━━ Dataset excerpt
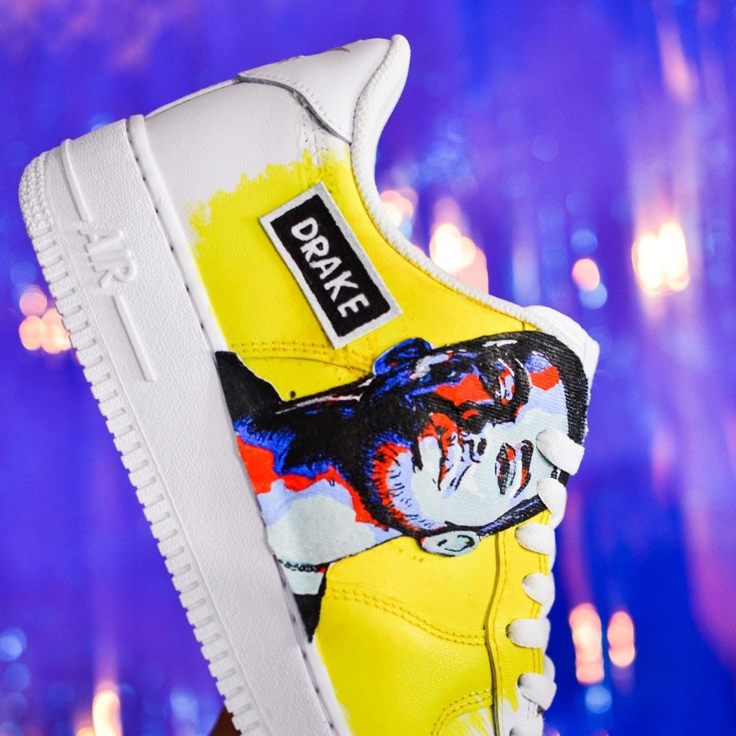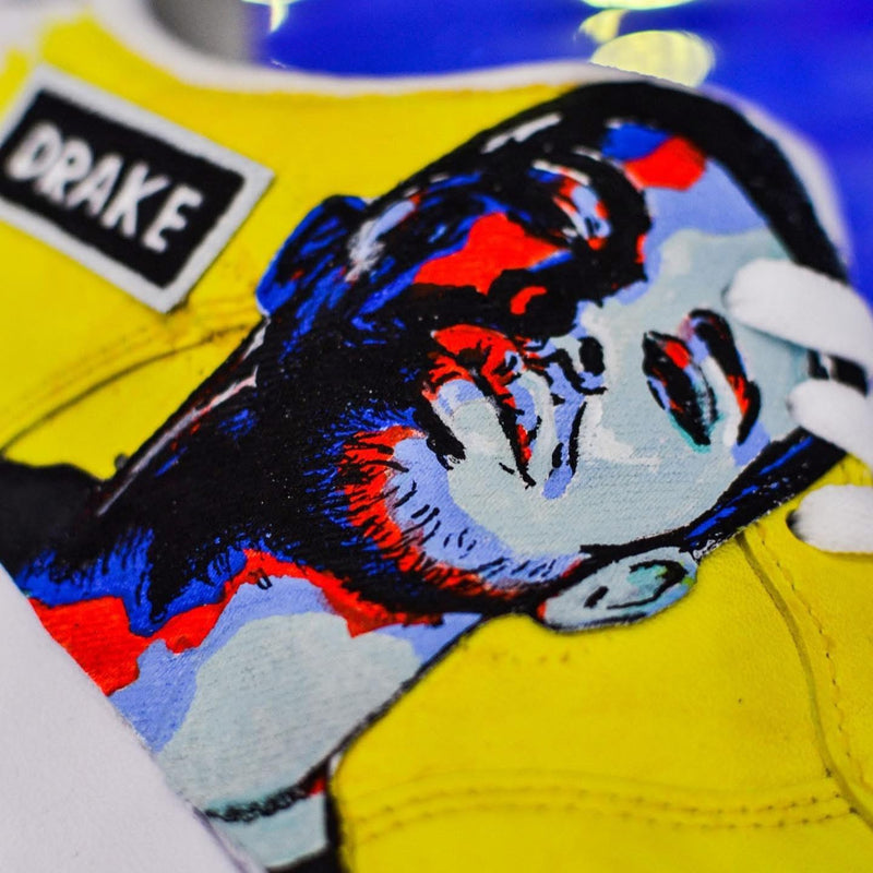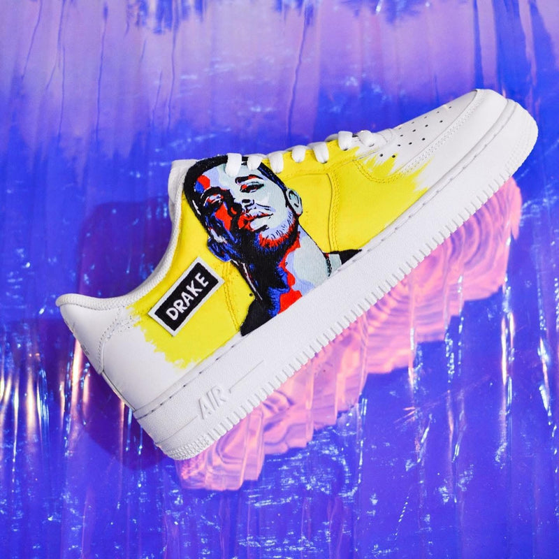 Un tributo audace a uno degli artisti più influenti della scena mondiale. Questa Air Force 1 è dipinta a mano con un ritratto stilizzato di Drake, immerso in tonalità vibranti e fondo giallo energico. Un pezzo unico che unisce urban culture e arte contemporanea.
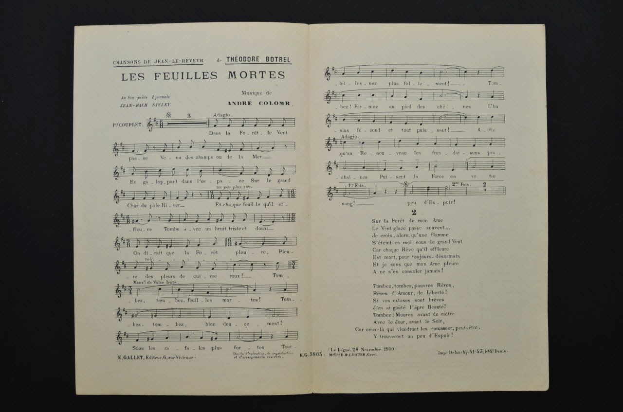 Sur la couverture, la représentation d'un veil homme en costume traditionnel breton, levant son chapeau et s'appuyant sur sa canne. Les inscriptions renseignent le titre de la chanson, le nom des auteurs, de l'artiste et de l'éditeur ; au centre droit, tableaux récapitulatifs d'autres collections de partitions publiées par l'éditeur.
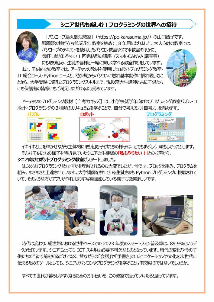 そこで、シニア向けにプログラミングをご指導されている「パソコープ烏丸御池教室」の山口先生にお話を伺いました。
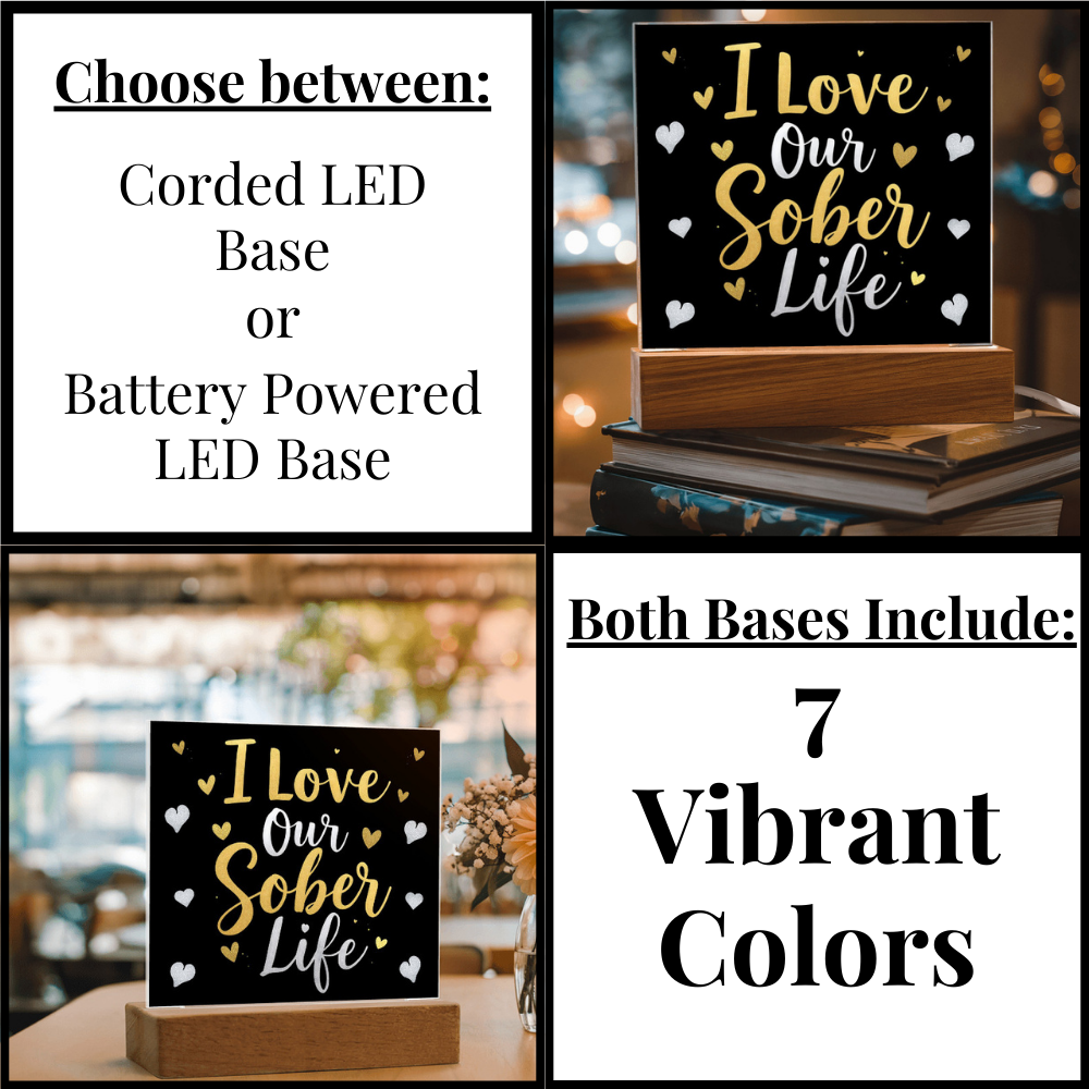 💖 Let them know just how much it means to you that you're walking this incredible sober journey together. "I Love Our Sober Life" is more than just a phrase—it’s a celebration of the resilience, love, and growth you’ve both shared. Sobriety is a powerful new chapter, and this LED Acrylic Plaque is the perfect way to honor how far you’ve come as a couple.
━━━━
## Instructions for the task
Word for word, return the material, omitting the pictures.

## Task response
 Un tributo audace a uno degli artisti più influenti della scena mondiale. Questa Air Force 1 è dipinta a mano con un ritratto stilizzato di Drake, immerso in tonalità vibranti e fondo giallo energico. Un pezzo unico che unisce urban culture e arte contemporanea.
 Sur la couverture, la représentation d'un veil homme en costume traditionnel breton, levant son chapeau et s'appuyant sur sa canne. Les inscriptions renseignent le titre de la chanson, le nom des auteurs, de l'artiste et de l'éditeur ; au centre droit, tableaux récapitulatifs d'autres collections de partitions publiées par l'éditeur.
 そこで、シニア向けにプログラミングをご指導されている「パソコープ烏丸御池教室」の山口先生にお話を伺いました。
 💖 Let them know just how much it means to you that you're walking this incredible sober journey together. "I Love Our Sober Life" is more than just a phrase—it’s a celebration of the resilience, love, and growth you’ve both shared. Sobriety is a powerful new chapter, and this LED Acrylic Plaque is the perfect way to honor how far you’ve come as a couple.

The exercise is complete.